-- PROVIDED RECORDS follows --

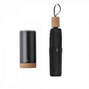 Artikel-Nr: KTO21121002000Stilvolles Premium-Set. Im Lieferumfang enthalten: Thermosbecher aus recyceltem Edelstahl mit Doppelwand und 550 ml Fassungsvermögen, in elegantem mattschwarzem Finish. Korkboden, mit Stülpdeckel und Spender. Es ist ideal für Ihren Schreibtisch, Tisch oder jede andere Oberfläche, auf der Sie in Ruhe Ihr Lieblingsgetränk genießen können. Faltbarer schwarzer Regenschirm mit 98 cm Durchmesser. Aus 190T RPET-Pongee-Material und mit Korkgriff. Manuelle Öffnung, mit winddichtem Mechanismus und Glasfaserrippen. Mit markantem RPET-Label. Das Set wird in einer individuellen matten Hülle geliefert und verfügt über eine Innenstanzung für jedes Element des Sets. Das RPET-Material wird aus recyceltem Kunststoff hergestellt, was die Wiederverwendung von Kunststoffabfällen fördert und zur Nachhaltigkeit des Planeten beiträgt.
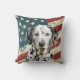Un beau portrait d'aquarelle d'un Chien dalmate est placé contre un arrière - plan grunge du drapeau américain. Les deux côtés du coussin ont la même image.
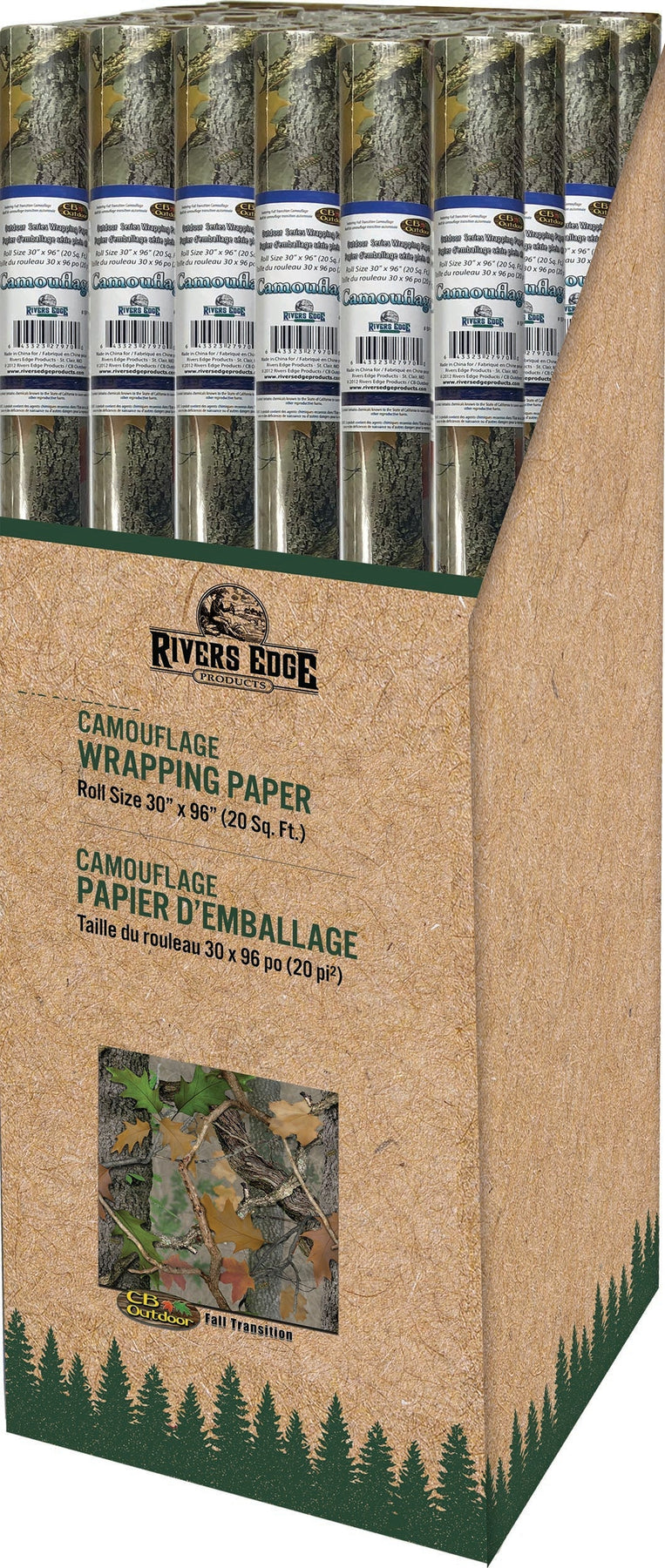 The green camo gift wrap from River's Edge Products features standard weight color paper for refilling your current wrapping paper displays. The pattern showcases Fall Transition camouflage courtesy of CB Outdoor. The wrapping paper dimensions are 28-inches by 80-inches.
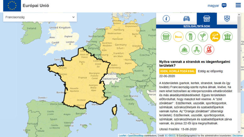 Az Európai Bizottság ma elindította az Európán belüli utazás és idegenforgalom biztonságos újraindítását támogató, Re-open EU elnevezésű internetes platformot. Az oldalon országonként több kategóriában kereshetjük az aktuális szabályokat.
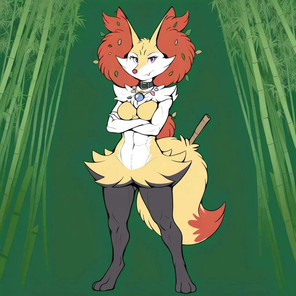fennec fox, fox girl, pokemon (creature), braixen, yellow and white fur, scruffy fur, purple eyes, fox ears, red ear fluff, red nose, low ponytail, fox tail, black legs, digigrade, , covered in leaves, black collar, necklace,
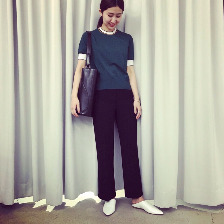綺麗なスラックスに合わせてマニッシュにスタイリング。

-- PROVIDED RECORDS concluded --

TASK
Repeat exactly and only the lines from the start of the data above through the line that holds "Az Európai Bizottság", inclusive. Pictures do not belong in the copy.

RESULT BELOW
 Artikel-Nr: KTO21121002000Stilvolles Premium-Set. Im Lieferumfang enthalten: Thermosbecher aus recyceltem Edelstahl mit Doppelwand und 550 ml Fassungsvermögen, in elegantem mattschwarzem Finish. Korkboden, mit Stülpdeckel und Spender. Es ist ideal für Ihren Schreibtisch, Tisch oder jede andere Oberfläche, auf der Sie in Ruhe Ihr Lieblingsgetränk genießen können. Faltbarer schwarzer Regenschirm mit 98 cm Durchmesser. Aus 190T RPET-Pongee-Material und mit Korkgriff. Manuelle Öffnung, mit winddichtem Mechanismus und Glasfaserrippen. Mit markantem RPET-Label. Das Set wird in einer individuellen matten Hülle geliefert und verfügt über eine Innenstanzung für jedes Element des Sets. Das RPET-Material wird aus recyceltem Kunststoff hergestellt, was die Wiederverwendung von Kunststoffabfällen fördert und zur Nachhaltigkeit des Planeten beiträgt.
Un beau portrait d'aquarelle d'un Chien dalmate est placé contre un arrière - plan grunge du drapeau américain. Les deux côtés du coussin ont la même image.
 The green camo gift wrap from River's Edge Products features standard weight color paper for refilling your current wrapping paper displays. The pattern showcases Fall Transition camouflage courtesy of CB Outdoor. The wrapping paper dimensions are 28-inches by 80-inches.
 Az Európai Bizottság ma elindította az Európán belüli utazás és idegenforgalom biztonságos újraindítását támogató, Re-open EU elnevezésű internetes platformot. Az oldalon országonként több kategóriában kereshetjük az aktuális szabályokat.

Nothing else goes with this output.